L’impressione è che questa rimozione abbia riguardato di più la città che i paesi. Lo dimostra il fatto che, anche quest’anno, Bergamo celebra il 18 marzo, giorno della memoria delle vittime del Covid, con una cerimonia istituzionale esclusivamente su invito. La commemorazione (...)
Non ci dimentichiamo! Ci vorrebbe una nuova Norimberga per medici politici e giornalisti! Non vi preoccupate che non dimentichiamo.
La chiave di lettura sta tutta nelle prima frase: Il Covid è stato l’11 settembre di Bergamo e della Bergamasca. Buona riflessione a tutti...
Sono infermiera,ho vissuto il COVID professionalmente e personalmente mi sono ammalata di COVID stando in corsia giorno e notte con turni massacranti senza poter vedere la mia famiglia per mesi ...vi posso assicurare che tutti si sono dimenticati di quello che è successo.noi che eravamo i vostri eroi(così ci chiamavate)con quell'immagine persistente dell'infermiere che abbraccia l'Italia,siamo ritornati ad essere infermieri insultati e picchiati dai pazienti e parenti che per un nonnulla si rivolgono a noi talmente maleficamente da farti passare la voglia di andare a lavoro...no,il COVID non ha insegnato niente a nessuno ve lo posso assicurare,siamo solo diventati più egoisti e arrabbiati di prima....
Eravamo tutti sulla stessa barca? Come quel tale che è venuto a fare l'aperitivo sui Navigli per dirci di non stare a casa, ha preso il COVID è tornato a Roma e si è fatto curare in una clinica privata di lusso dopo che il suo partito per anni demonizza la sanità privata e dice che la sanità deve essere solo pubblica? Eravamo tutti sulla stessa barca? Come quell'altra tale che ha comperato migliaia di introvabili mascherine le ha portare giù aroma per farsi la scorza lui e quelli del palazzo politico e le ha comprate da una ditta bergamasca? Era il marzo 2020 si è fatto la scorta per lui portandole via dal luogo dove più servivano, dove i nostri morivano come mosche. Tutti sulla stessa barca un cavolo! Chi comanda non è lì solo a mettere il sedere sulla poltrona e a prendere l'auto stipendi. Deve assumersi le sue responsabilità. Io non dimentico.

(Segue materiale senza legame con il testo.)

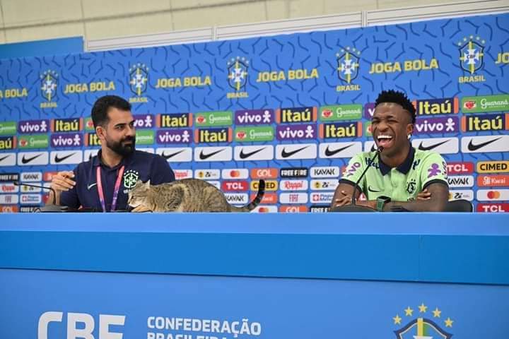 في لقطة طريفة ومفاجئة اقتحمت قطة المؤتمر الصحفي الخاص بمنتخب البرازيل الذي أقيم ظهر هذا اليوم بحضور اللاعب فينيسيوس جونيور.
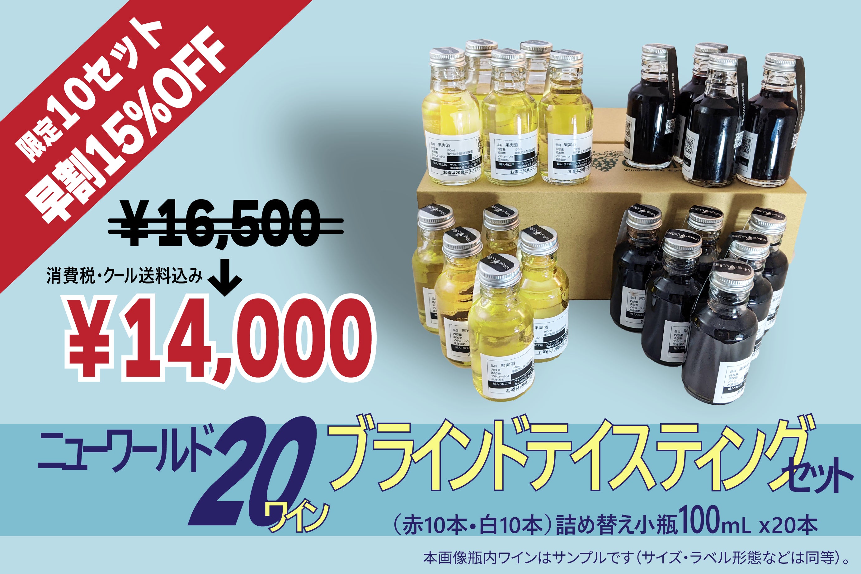 内容:ニューワールド20ワイン(赤白各10アイテムずつ)各100mL ×20本

Roberto ci regala il solito commento buonista, libero per me, libero per tutti, raccontando mezza verità. Primo mi addossa colpe che non ho, quasi caluniandomi, visto che non avevo e non ho alcun ruolo decisionale. È bene ricordare che la responsabilità è un fatto PERSONALE, le assoluzioni collettive e le amnistie sono tipiche dell'italianità peggiore, così come dire che la colpa è di tutti. No, io in questo caso di colpe non ne ho! Secondo Roberto ci racconta metà della storia, con la scusa dell'evento sconosciuto, i prevedibile. Però quando il virus è arrivato da noi erano due mesi che vedevamo scene apocalittiche in Cina tipo città con 10 milioni di abitanti isolata dall'esercito, ospedali da campo da miglia di posti allestiti in fretta e furia, gente che moriva come mosche. Non ci voleva un genio a capire che se arrivava da noi avremmo visto le stesse scene apocalittiche. La prima zona rossa da noi è di febbraio e chi il 5 di marzo diceva che non c'era motivo per stare a casa dopo il disastro che abbiamo avuto poi doveva assumersi le sue responsabilità, chiedere scusa e dimettersi. Invece è ancora lì. E magari doveva anche essere indagato.